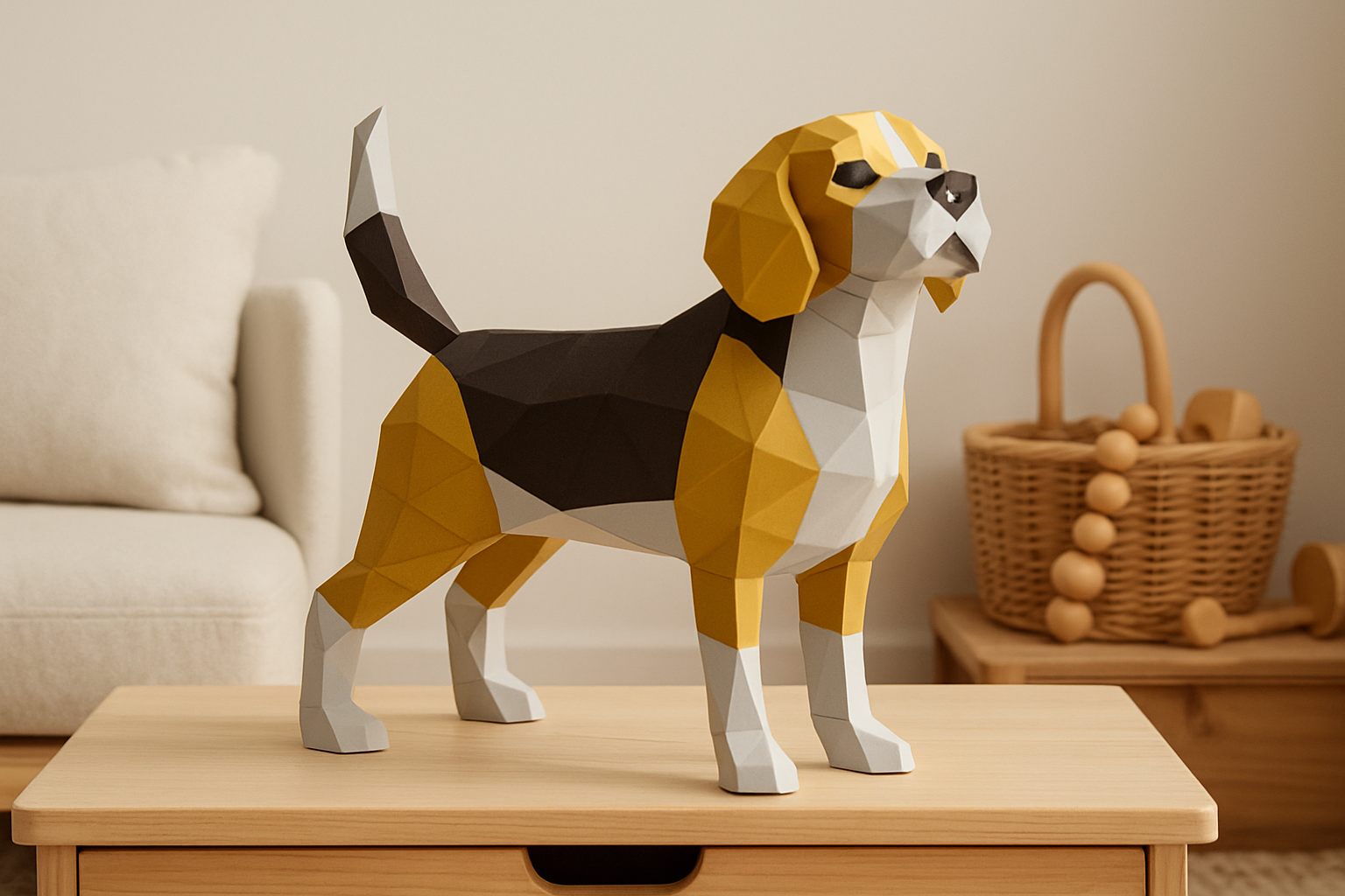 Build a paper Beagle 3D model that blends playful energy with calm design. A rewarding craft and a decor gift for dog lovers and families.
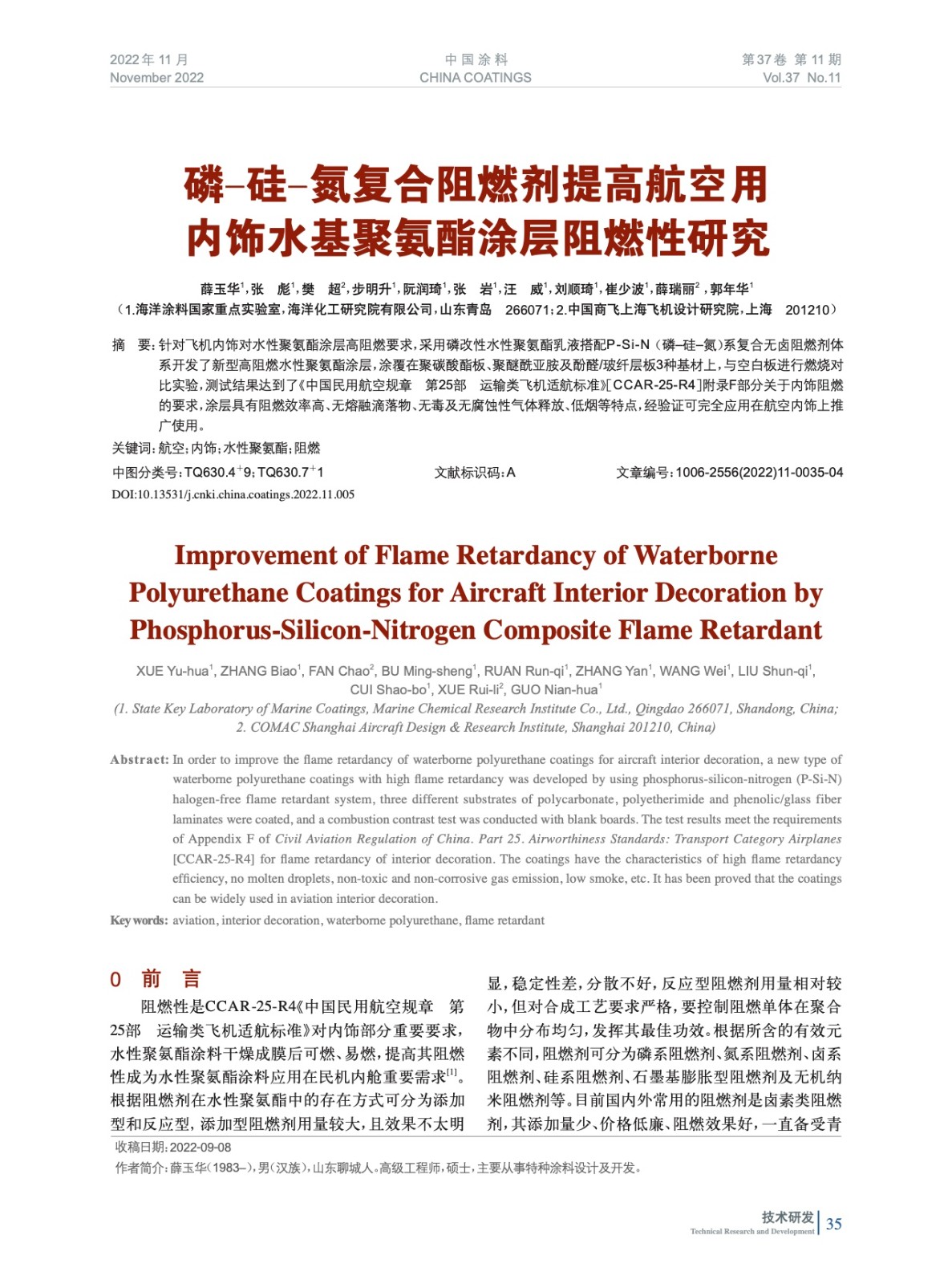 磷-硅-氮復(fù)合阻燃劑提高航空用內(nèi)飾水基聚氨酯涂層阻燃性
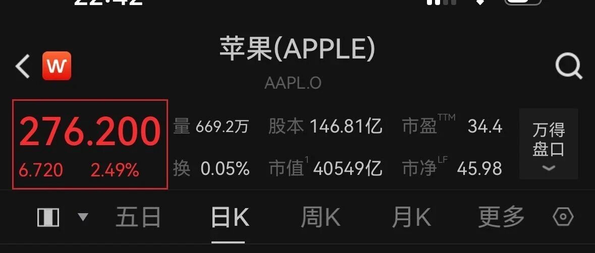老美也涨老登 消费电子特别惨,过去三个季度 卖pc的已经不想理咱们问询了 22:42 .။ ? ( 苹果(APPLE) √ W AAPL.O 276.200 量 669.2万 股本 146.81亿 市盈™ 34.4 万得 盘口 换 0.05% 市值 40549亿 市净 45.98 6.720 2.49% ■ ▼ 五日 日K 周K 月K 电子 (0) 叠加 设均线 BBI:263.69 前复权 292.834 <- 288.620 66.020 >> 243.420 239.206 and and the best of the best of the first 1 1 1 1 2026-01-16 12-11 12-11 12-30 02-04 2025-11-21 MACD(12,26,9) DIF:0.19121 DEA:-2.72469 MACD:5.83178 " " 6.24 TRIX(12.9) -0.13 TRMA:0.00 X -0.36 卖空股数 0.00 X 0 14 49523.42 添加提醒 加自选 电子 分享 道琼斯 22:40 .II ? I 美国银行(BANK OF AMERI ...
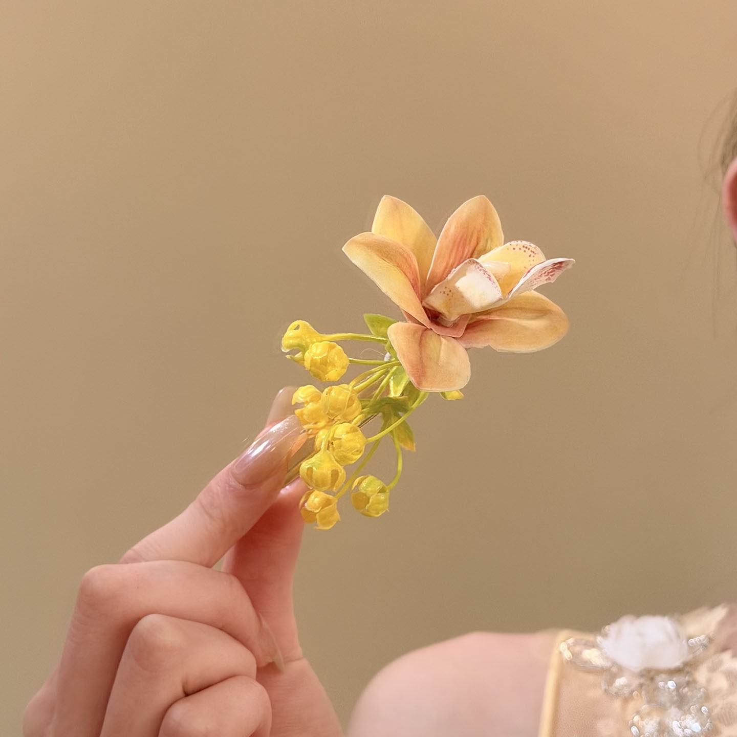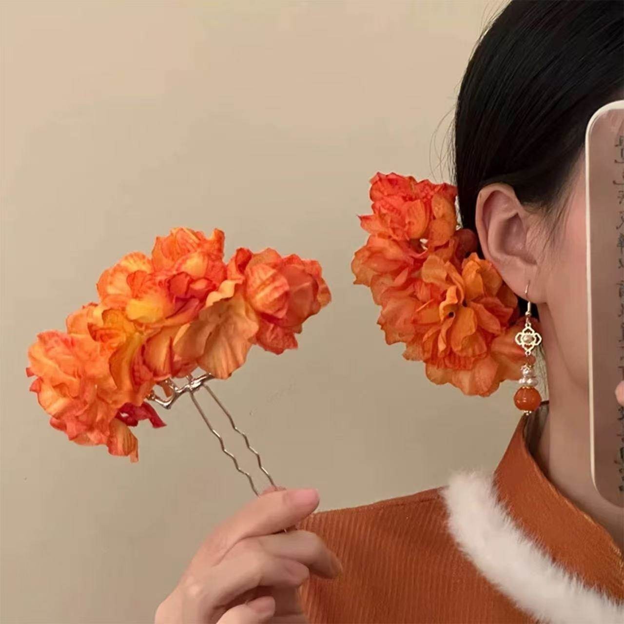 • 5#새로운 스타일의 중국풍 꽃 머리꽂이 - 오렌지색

Assigned task: All of the data is to be reproduced exactly, with the pictures left out.

Response for this exercise:
 Build a paper Beagle 3D model that blends playful energy with calm design. A rewarding craft and a decor gift for dog lovers and families.
 磷-硅-氮復(fù)合阻燃劑提高航空用內(nèi)飾水基聚氨酯涂層阻燃性
老美也涨老登 消费电子特别惨,过去三个季度 卖pc的已经不想理咱们问询了 22:42 .။ ? ( 苹果(APPLE) √ W AAPL.O 276.200 量 669.2万 股本 146.81亿 市盈™ 34.4 万得 盘口 换 0.05% 市值 40549亿 市净 45.98 6.720 2.49% ■ ▼ 五日 日K 周K 月K 电子 (0) 叠加 设均线 BBI:263.69 前复权 292.834 <- 288.620 66.020 >> 243.420 239.206 and and the best of the best of the first 1 1 1 1 2026-01-16 12-11 12-11 12-30 02-04 2025-11-21 MACD(12,26,9) DIF:0.19121 DEA:-2.72469 MACD:5.83178 " " 6.24 TRIX(12.9) -0.13 TRMA:0.00 X -0.36 卖空股数 0.00 X 0 14 49523.42 添加提醒 加自选 电子 分享 道琼斯 22:40 .II ? I 美国银行(BANK OF AMERI ...
 • 5#새로운 스타일의 중국풍 꽃 머리꽂이 - 오렌지색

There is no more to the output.